Heme oxygenase-1 inducer hemin does not inhibit SARS-CoV-2 virus infection

Abstract

Antiviral agents with different mechanisms of action could induce synergistic effects against SARS-CoV-2 infection. Some reports suggest the therapeutic potential of the heme oxygenase-1 (HO-1) enzyme against virus infection. Given that hemin is a natural inducer of the HO-1 gene, the aim of this study was to develop an in vitro assay to analyze the antiviral potency of hemin against SARS-CoV-2 infection. A SARS-CoV-2 infectivity assay was conducted in Vero-E6 and Calu-3 epithelial cell lines. The antiviral effect of hemin, and chloroquine as a control, against SARS-CoV-2 virus infection was quantified by RT-qPCR using specific oligonucleotides for the N gene. Chloroquine induced a marked reduction of viral genome copies in kidney epithelial Vero-E6 cells but not in lung cancer Calu-3 cells. Hemin administration to the culture medium induced a high induction in the expression of the HO-1 gene that was stronger in Vero-E6 macaque-derived cells than in the human Calu-3 cell line. However, hemin treatment did not modify SARS-CoV-2 replication, as measured by viral genome quantification 48 h post-infection for Vero-E6 and 72 h post-infection for the Calu-3 lineages. In conclusion, although exposure to hemin induced strong HO-1 up-regulation, this effect was unable to inhibit or delay the progression of SARS-CoV-2 infection in two epithelial cell lines susceptible to infection.
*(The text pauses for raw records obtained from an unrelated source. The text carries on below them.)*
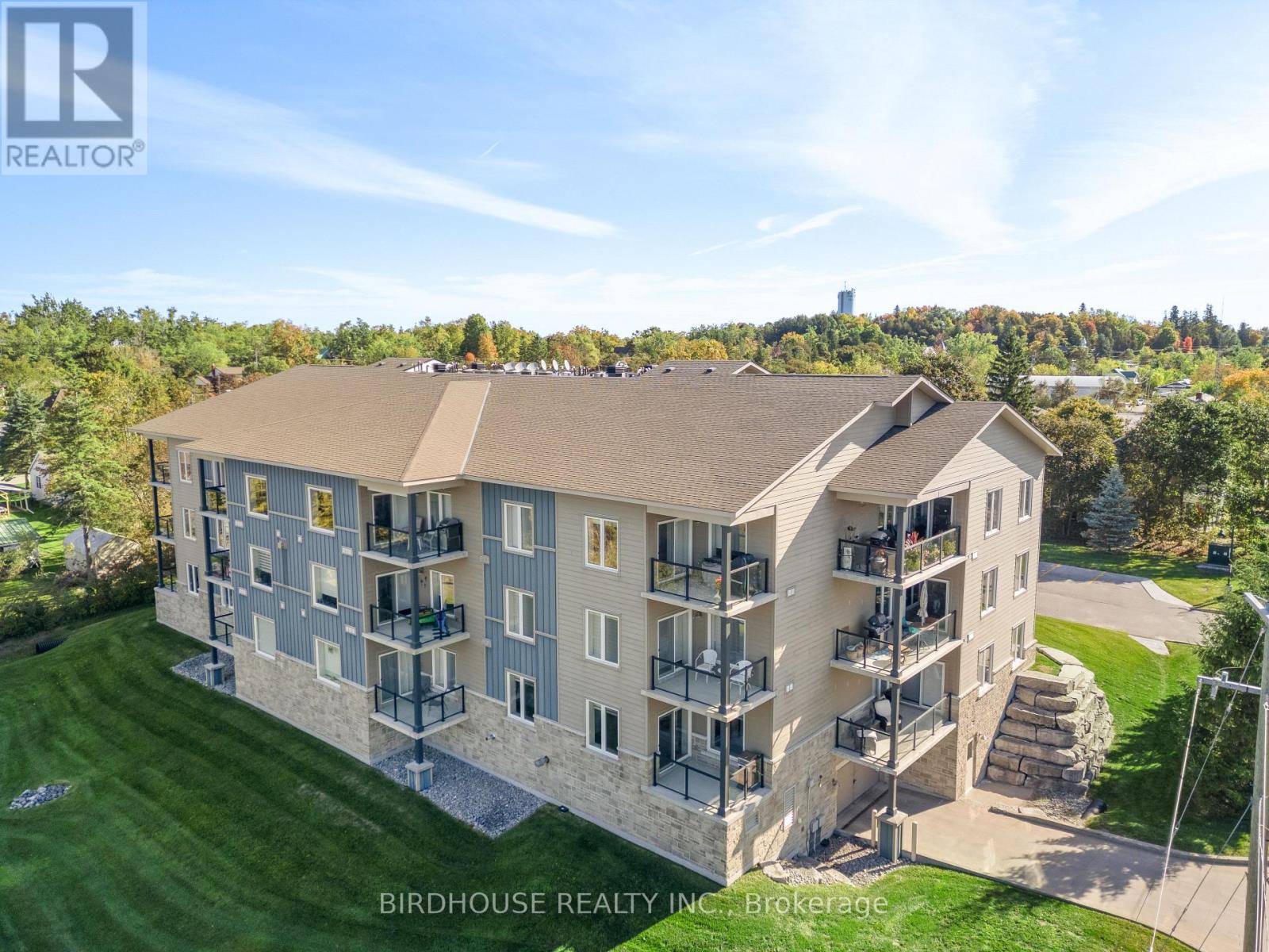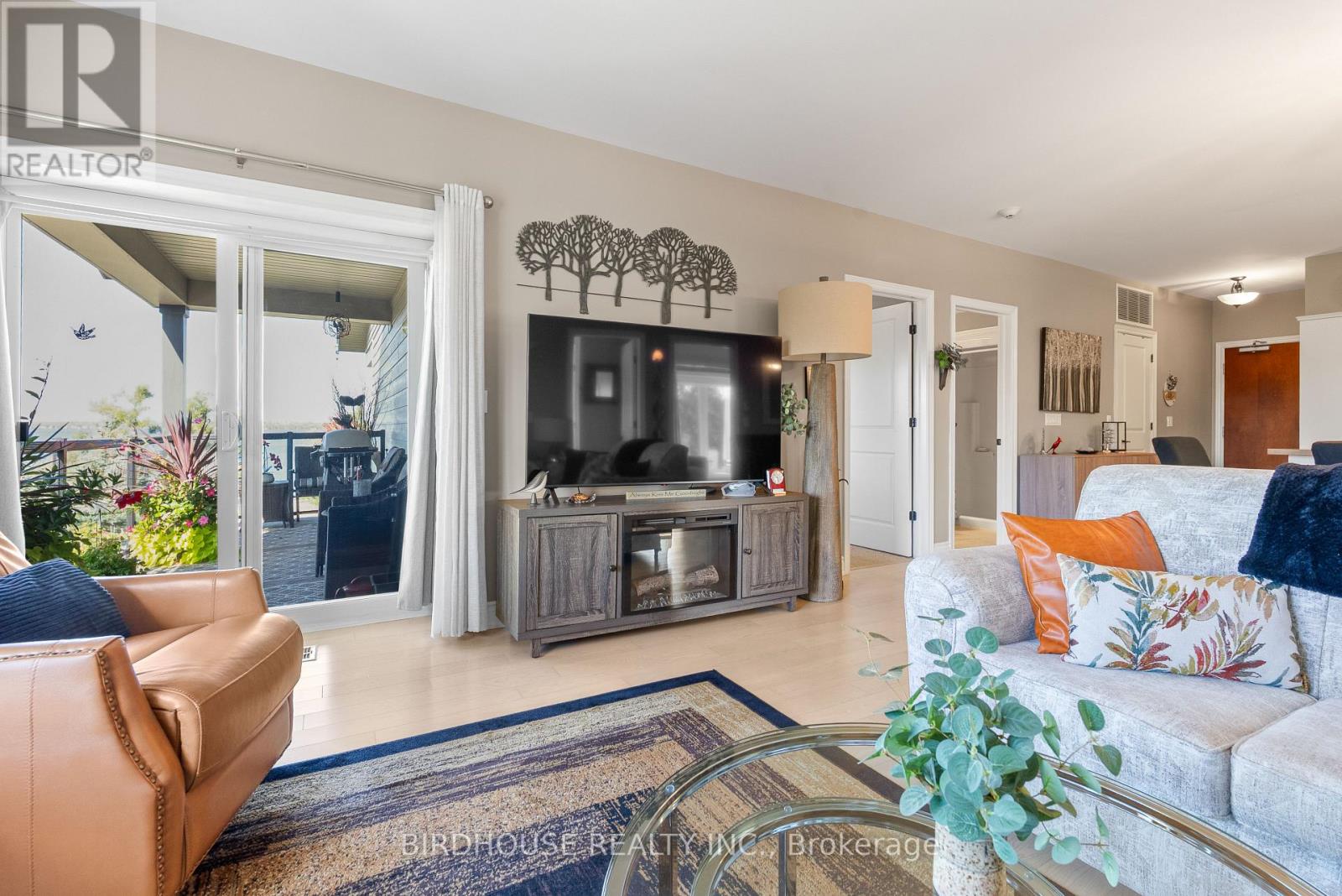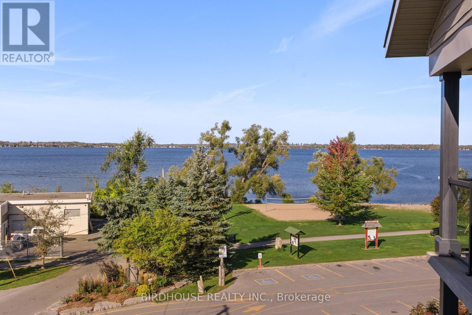 $944.53 MonthlyGorgeous "Silver Birch" condo model featuring 3 bedrooms & 2 bathrooms in Fenelon Falls! Fall-in love with the large 16ft balcony that provides stunning sunset views (NorthWest) over Cameron Lake! Enjoy year-round cooking on your propane BBQ on the covered balcony. The spacious 1195 sq ft floor plan features an open-concept kitchen, dining & living room which flow seamlessly together. Full second washroom with shower & laundry/utility room. The master bedroom features a large walk-in closet plus ensuite with tub/shower and an oversized vanity offering ample counter space & storage. Utilize the third bedroom as an office and marvel at the lake views! Convenience of underground parking, storage locker, elevator & visitor parking! One of the nicest units in the building! Condo fees include heat (propane), water, sewer, parking, storage locker, annual window cleaning & garbage removal. (id:51158)
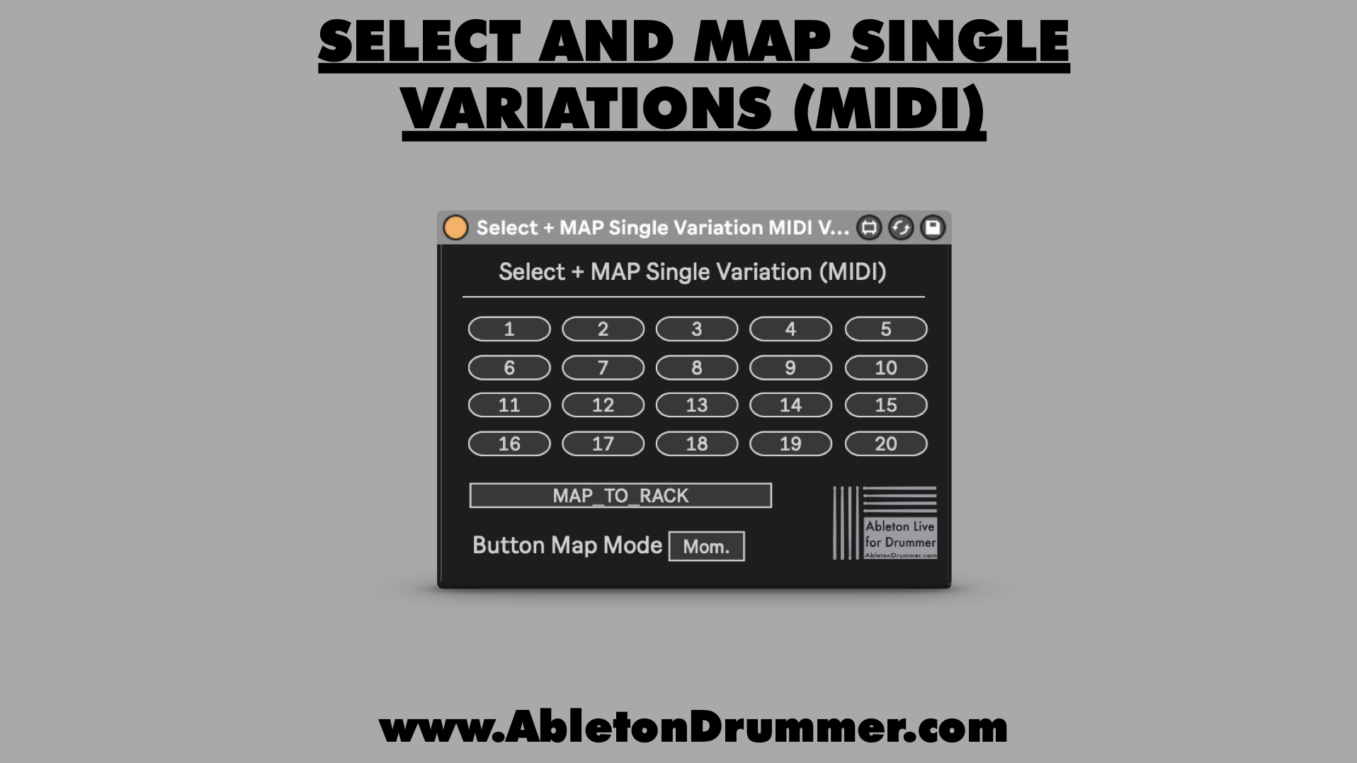 | Description: | SELECT AND MAP SINGLE VARIATIONS (MIDI) - lets you trigger specific macro variations Check out TobiBot for Questions on Ableton Live & Max for Live: https://blog.abletondrummer.com/ableton-support-chatbot/ Check out more Max for Live devices here: https://maxforlivedevices.com/ All Devices - https://maxforlivedevices.com/category/all-devices/ Collections - https://maxforlivedevices.com/category/collections/ Control - https://maxforlivedevices.com/category/control/ Free - https://maxforlivedevices.com/category/free-max-for-live/ Hardware - https://maxforlivedevices.com/category/hardware-control/ How To and FAQ - https://maxforlivedevices.com/category/faq MIDI Tools - https://maxforlivedevices.com/category/midi-tools/ Max for Live not only for drummers: https://blog.abletondrummer.com/free-max-for-live-devices/ How to install Max for Live devices: https://blog.abletondrummer.com/how-to-install-max-for-live-devices-in-your-user-library/ How to get Max for Live devices: https://maxforlivedevices.com/how-to-get-max-for-live-devices/ Frequently Asked Question and How To Max for Live: https://maxforlivedevices.com/category/faq/ |
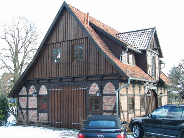Dieses Fachwerkhaus in Scherenbostel besteht überwiegend aus alten Eichenbauteilen und wurde dem vorhandenen Holzbestand entsprechend entworfen. Es beherbergt nun ein Lager, ein Büro im Obergeschoß sowie ein Atelier im Anbau.
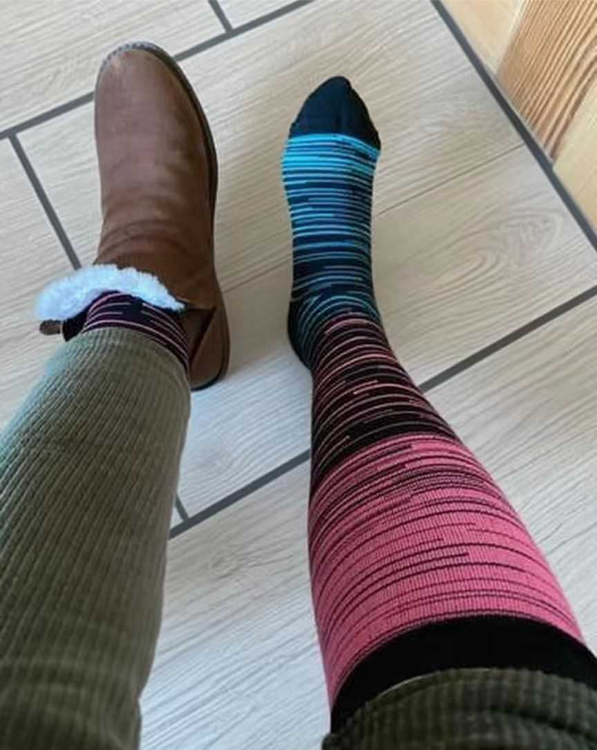 They’re absolutely perfect! I no longer suffer from aching or swollen ankles at the end of the day. I already owned the plain socks and decided to try the striped ones for a fun change—and they’re just as wonderful!
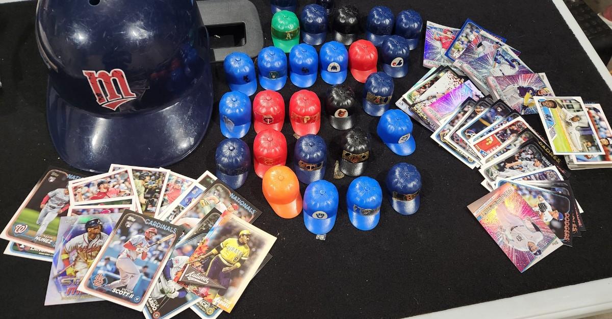 Vintage MLB Mini Plastic Batting Helmet Large Lot Rare & MN Twins Helmet plus Huge Topps Rookie Baseball Card lot
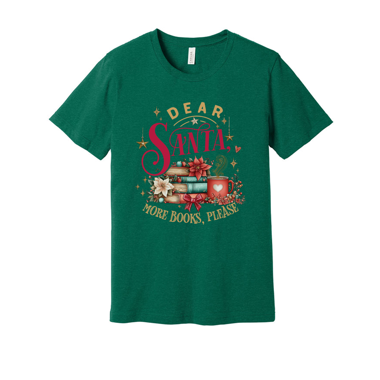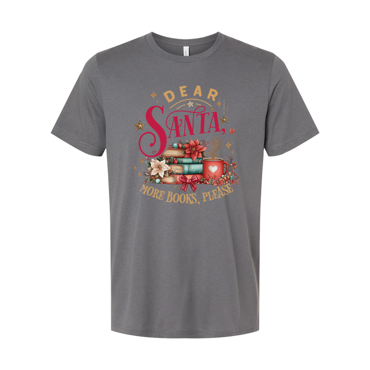 Dear Santa Please Bring More Books Unisex Christmas Graphic T Shirt For Readers Everywhere
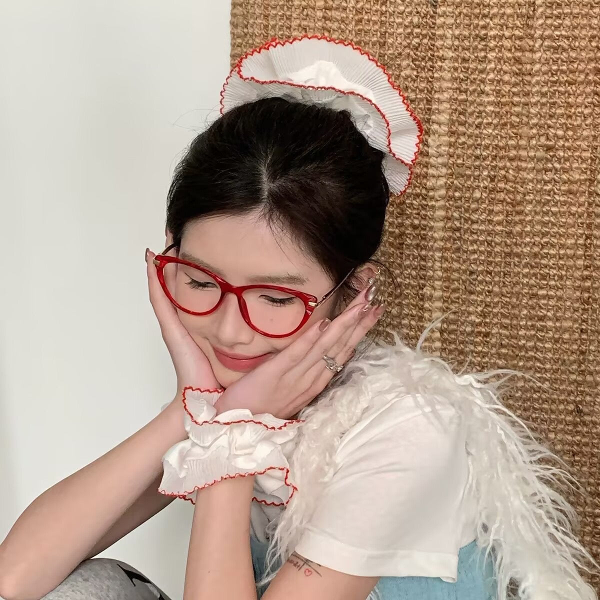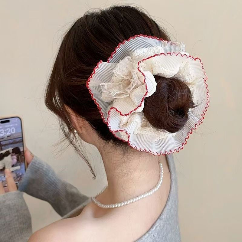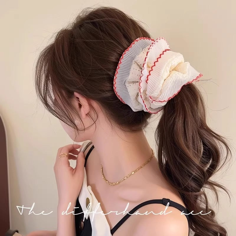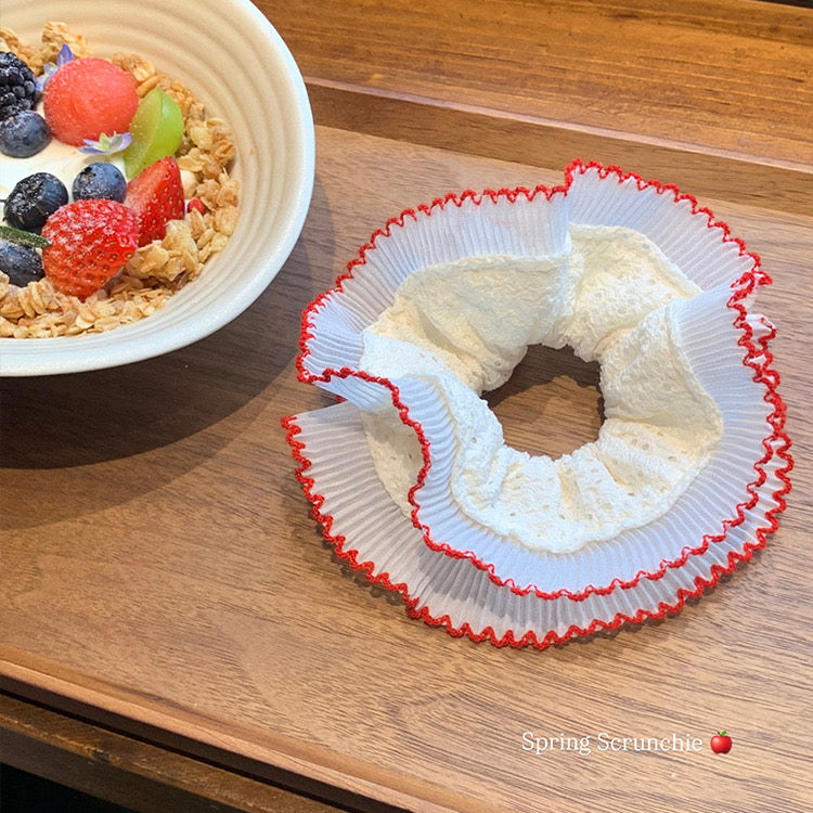 Cute scrunchie, pinteresty hair accessories, cute hair accessories, scrunchies, Pinterest inspired, cute accessories, soft girl aesthetic, aesthetic accessories, white scrunchie, frill scrunchies, red scrunchie

Keywords: Antiviral effect; Heme oxygenase-1 induction; Hemin; SARS-CoV-2 infection.

Graphical abstract

Fig. 1

Effects of hemin administration on rate limiting enzymes of heme synthesis and catabolism. A) Regulation of heme synthesis and potential antiviral effect of hemin administration. The first and rate limiting step in heme synthesis is the conversion of glycine and succinyl-coenzyme A to form δ-aminolevulinic acid (ALA), catalyzed by ALA synthase-1 (ALAS1). Heme oxygenase-1 (HO-1) is the inducible isoform of HO responsible for the oxidative cleavage of heme groups to yield carbon monoxide (CO) and biliverdin, which is subsequently reduced to bilirubin by the cytosolic biliverdin reductase enzyme. CO is a strong vasodilatory, anti-inflammatory and immunomodulatory agent and both biliverdin reductase B and bilirubin are efficient scavengers of Reactive Oxygen Species (ROS) and reduce the formation of peroxidation products. Fold-change expression of HO-1 in B) Vero-E6 and C) Calu-3 cell lines was measured after exposure to 64.4 µM of hemin. Immunoblot analyses of HO-1 protein levels in D) Vero-E6 and E) Calu-3 cell lines treated with two hemin concentrations (21.5 μM and 64.4 μM) for 48 h. F) Fold change of ALAS1 expression after hemin exposure. Results were plotted as mean ± SD from three experiments. *** p < 0.001 vs untreated control condition.

Fig. 2

Hemin did not inhibit SARS-CoV-2 infection in Vero-E6 and Calu-3 cell lines. A) Quantification of SARS-CoV-2 genomes determined by RT-qPCR of supernatants collected at 48 h for Vero-E6 cells or at 72 h for Calu-3 cells in the absence (untreated control) or presence of hemin (64.4 µM) added 24 h before infection (hemin pre-treatment) or at the same time as infection (hemin). B) A similar study was performed using chloroquine (10 µM). In all conditions, the drug was maintained during the incubation period and the medium changed every 24 h. Pre-treat: pre-treatment. CQ: chloroquine. Results were plotted as mean ± SD (one representative experiment is shown of at least two with similar results). *** p < 0.001 vs untreated control condition.